[Mailman-Users] BIG FAT MESSY HEADERS, REPLY TO, and the problem with programmers.

Fred Craven fred at cffh.com
Sat Dec 9 20:30:35 CET 2000


>At 11:59 AM -0600 12/9/00, Fred Craven wrote:
>
>>The problem with programmers is that they don't think like the rest of us.
>
>thank you very much. I hadn't realized this.

It is a good thing they think differently.
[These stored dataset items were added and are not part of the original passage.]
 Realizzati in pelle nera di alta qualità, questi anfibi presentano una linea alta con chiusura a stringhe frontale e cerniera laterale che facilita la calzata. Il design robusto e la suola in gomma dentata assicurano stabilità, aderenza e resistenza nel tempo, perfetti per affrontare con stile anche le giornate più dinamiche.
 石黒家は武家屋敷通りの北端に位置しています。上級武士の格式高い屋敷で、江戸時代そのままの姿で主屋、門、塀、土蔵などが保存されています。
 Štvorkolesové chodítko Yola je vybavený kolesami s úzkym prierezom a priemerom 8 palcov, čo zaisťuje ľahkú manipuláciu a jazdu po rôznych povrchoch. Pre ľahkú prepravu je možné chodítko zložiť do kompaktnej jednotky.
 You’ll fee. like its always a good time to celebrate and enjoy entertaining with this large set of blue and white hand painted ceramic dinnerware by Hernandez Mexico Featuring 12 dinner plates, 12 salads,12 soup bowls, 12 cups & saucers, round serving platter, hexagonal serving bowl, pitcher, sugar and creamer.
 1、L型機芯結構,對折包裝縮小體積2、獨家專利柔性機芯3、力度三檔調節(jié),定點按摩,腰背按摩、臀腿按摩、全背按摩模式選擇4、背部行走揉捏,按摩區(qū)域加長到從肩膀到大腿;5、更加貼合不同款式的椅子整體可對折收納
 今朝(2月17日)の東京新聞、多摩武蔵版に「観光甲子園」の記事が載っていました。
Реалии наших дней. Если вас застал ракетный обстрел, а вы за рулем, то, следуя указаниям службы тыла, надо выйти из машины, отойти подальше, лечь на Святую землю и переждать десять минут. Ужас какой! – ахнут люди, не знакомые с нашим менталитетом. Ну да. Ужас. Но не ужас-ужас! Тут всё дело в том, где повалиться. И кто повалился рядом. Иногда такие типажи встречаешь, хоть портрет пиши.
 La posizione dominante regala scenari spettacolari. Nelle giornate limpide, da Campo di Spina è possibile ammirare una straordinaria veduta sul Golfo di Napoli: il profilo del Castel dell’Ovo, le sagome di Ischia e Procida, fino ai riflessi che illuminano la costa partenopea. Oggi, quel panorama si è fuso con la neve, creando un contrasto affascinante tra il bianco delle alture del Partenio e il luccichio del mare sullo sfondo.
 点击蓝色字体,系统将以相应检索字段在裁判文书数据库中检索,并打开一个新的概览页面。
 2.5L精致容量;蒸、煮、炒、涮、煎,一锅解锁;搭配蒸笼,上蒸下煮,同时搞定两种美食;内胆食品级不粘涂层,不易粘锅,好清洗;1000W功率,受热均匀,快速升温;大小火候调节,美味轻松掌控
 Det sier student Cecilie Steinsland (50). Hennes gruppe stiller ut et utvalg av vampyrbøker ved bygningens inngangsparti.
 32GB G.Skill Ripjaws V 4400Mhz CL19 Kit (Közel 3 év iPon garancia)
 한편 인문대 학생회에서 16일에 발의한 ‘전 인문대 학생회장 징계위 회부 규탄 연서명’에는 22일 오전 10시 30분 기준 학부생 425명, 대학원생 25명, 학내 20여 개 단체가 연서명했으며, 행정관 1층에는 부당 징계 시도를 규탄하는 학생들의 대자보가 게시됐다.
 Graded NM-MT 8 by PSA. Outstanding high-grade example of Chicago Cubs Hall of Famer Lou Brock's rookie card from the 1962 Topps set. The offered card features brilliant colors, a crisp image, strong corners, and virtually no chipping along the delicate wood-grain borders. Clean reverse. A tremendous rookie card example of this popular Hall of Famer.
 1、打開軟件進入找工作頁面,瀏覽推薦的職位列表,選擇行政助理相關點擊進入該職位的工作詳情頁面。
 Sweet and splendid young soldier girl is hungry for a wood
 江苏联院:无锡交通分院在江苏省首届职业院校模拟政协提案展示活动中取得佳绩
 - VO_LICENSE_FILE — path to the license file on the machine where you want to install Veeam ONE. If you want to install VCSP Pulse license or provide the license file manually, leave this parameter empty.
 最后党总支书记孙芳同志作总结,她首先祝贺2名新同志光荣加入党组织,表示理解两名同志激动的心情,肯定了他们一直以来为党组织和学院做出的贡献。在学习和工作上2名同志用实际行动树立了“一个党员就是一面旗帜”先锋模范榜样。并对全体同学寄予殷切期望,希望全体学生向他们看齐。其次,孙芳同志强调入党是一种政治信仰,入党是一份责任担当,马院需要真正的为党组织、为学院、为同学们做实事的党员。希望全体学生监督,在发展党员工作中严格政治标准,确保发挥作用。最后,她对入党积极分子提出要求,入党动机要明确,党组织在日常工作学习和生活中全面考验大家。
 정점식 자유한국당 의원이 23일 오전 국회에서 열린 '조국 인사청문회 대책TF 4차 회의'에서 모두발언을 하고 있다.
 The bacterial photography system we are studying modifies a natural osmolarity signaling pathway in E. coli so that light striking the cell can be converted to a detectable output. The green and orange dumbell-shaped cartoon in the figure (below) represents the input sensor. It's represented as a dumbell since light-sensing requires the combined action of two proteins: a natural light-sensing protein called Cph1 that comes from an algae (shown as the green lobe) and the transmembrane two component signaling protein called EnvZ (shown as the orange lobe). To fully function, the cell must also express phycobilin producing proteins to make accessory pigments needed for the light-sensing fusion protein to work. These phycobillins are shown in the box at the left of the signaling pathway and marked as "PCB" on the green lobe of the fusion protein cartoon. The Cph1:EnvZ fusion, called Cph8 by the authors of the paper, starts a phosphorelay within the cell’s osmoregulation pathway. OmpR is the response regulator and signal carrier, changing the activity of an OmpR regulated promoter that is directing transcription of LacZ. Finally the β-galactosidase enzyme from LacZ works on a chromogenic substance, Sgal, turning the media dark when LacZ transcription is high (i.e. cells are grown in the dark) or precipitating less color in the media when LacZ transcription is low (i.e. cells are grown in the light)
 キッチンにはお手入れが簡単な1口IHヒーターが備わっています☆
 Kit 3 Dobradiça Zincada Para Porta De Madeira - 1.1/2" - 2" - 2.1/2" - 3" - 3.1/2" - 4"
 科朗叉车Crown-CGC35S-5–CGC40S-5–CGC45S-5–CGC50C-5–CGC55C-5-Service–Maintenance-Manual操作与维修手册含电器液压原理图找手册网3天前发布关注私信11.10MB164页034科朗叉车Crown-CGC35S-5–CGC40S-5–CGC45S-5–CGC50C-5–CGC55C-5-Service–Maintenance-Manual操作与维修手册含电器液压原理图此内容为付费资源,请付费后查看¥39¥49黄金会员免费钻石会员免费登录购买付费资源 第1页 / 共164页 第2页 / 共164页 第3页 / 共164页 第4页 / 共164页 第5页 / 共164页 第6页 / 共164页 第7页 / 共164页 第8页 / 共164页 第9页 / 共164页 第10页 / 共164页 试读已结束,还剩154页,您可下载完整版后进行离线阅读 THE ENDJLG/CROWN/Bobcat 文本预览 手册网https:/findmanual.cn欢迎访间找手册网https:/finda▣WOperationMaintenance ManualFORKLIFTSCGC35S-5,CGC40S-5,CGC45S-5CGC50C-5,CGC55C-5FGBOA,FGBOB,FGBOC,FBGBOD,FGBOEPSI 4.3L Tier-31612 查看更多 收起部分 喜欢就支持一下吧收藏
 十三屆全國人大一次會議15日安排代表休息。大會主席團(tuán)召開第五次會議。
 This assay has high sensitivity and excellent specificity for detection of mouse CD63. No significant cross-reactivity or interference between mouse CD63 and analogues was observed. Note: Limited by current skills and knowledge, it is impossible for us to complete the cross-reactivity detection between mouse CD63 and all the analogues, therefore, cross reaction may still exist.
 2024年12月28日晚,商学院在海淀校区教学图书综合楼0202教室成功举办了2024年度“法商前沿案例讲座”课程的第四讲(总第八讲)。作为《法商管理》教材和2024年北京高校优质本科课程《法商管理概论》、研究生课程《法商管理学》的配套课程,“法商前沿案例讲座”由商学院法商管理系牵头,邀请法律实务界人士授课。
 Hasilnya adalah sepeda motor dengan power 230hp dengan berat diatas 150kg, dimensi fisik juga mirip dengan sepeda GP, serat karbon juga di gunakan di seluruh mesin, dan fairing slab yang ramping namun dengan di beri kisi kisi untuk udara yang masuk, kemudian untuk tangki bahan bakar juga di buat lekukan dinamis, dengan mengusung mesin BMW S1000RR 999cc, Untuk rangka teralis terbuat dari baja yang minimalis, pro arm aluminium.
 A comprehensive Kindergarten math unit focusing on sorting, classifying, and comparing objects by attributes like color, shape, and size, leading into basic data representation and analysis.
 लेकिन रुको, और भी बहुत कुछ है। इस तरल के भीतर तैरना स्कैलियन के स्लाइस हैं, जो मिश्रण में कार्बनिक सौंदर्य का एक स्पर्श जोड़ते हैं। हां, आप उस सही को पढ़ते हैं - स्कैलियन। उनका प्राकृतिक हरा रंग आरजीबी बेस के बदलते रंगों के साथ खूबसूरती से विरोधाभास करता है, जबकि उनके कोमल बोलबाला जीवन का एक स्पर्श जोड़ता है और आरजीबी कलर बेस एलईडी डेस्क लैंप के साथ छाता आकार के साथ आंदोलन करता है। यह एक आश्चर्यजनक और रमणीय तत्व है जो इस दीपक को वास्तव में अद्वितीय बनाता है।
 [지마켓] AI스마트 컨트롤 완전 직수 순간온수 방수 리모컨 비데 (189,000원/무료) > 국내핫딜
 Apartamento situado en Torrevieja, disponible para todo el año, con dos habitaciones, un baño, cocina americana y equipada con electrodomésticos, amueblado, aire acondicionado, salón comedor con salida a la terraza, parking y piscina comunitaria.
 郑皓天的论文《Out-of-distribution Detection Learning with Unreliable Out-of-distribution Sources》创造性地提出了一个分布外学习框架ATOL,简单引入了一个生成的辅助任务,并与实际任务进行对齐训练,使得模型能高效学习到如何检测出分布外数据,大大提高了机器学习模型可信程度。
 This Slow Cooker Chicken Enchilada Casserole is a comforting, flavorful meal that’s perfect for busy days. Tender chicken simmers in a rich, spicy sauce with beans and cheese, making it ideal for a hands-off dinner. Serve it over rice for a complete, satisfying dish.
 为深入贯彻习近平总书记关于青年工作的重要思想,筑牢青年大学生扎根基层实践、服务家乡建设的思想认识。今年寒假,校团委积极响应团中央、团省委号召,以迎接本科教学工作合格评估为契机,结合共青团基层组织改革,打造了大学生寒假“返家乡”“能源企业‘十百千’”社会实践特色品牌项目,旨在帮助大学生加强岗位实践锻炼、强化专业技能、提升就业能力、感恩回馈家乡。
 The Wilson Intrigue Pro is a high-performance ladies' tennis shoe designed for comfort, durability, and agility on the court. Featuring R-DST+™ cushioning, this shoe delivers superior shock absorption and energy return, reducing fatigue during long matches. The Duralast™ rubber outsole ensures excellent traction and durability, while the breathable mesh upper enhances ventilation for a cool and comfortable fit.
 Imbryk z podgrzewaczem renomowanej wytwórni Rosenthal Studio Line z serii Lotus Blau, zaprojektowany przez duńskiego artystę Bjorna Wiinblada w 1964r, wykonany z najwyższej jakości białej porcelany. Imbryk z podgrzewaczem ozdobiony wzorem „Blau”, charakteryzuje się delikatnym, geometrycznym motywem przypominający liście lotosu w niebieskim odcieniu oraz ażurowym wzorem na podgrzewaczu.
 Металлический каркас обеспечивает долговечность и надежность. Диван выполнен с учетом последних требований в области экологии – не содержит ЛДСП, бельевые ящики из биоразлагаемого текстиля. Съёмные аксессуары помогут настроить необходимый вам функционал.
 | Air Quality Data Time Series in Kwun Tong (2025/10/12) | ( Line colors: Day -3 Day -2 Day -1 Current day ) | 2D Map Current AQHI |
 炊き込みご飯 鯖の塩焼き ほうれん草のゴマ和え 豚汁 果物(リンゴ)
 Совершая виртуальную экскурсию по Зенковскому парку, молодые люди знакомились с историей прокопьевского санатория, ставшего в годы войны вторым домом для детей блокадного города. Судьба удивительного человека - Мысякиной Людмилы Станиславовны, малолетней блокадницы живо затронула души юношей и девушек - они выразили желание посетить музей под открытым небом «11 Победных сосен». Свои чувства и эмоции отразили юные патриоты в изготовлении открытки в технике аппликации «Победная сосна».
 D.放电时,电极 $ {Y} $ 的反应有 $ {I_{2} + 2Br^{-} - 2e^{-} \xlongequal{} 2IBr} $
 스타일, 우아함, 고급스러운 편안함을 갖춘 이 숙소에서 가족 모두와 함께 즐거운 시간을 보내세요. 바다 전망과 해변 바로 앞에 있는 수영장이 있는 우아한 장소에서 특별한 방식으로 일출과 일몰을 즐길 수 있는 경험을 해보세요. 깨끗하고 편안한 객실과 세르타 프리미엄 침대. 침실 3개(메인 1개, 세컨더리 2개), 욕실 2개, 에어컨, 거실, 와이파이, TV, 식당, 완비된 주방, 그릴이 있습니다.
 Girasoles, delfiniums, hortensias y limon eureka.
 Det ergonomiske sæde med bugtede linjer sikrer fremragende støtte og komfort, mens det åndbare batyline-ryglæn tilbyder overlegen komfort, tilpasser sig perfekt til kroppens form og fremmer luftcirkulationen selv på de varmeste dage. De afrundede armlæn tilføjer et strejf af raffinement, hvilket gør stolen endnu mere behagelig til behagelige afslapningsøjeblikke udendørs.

>I'll go crawl back in my hole, and not bother the world with 
>anything in the future. Of course, if all programmers did this, oyu 
>wouldn't ahve any of our code to complain about would you?

Nope.

>Fred, this is a bogus argument. It can just as easily be turned 
>around, and us "programmers who don't think like the rest of us" 
>complain about users who worry only about "what I want now", and 
>don't care about the important, longer-term issues of "how do we 
>make this better" and "how do we make sure it STAYS running in the 
>future?"

My argument is not bogus. programmers look at every little detail and 
specification--everything has its place and a reason (subjective). 
End users look at their experience, how it feels (objective). This is 
one of the things that made, and Makes, the Macintosh platform (and 
it's copies) better for end users.

In the context of Mailman, the new headers in the email messages are 
a good thing, as are the various ways in which to reply (to sender, 
to list, to all, whatever), but if they cause confusion to the end 
user than they are a problem for the end user. If, however, there is 
an convenient way change the settings from an administrators 
perspective, then the end user is happy. It's still moving towards 
the future, just not at the same speed.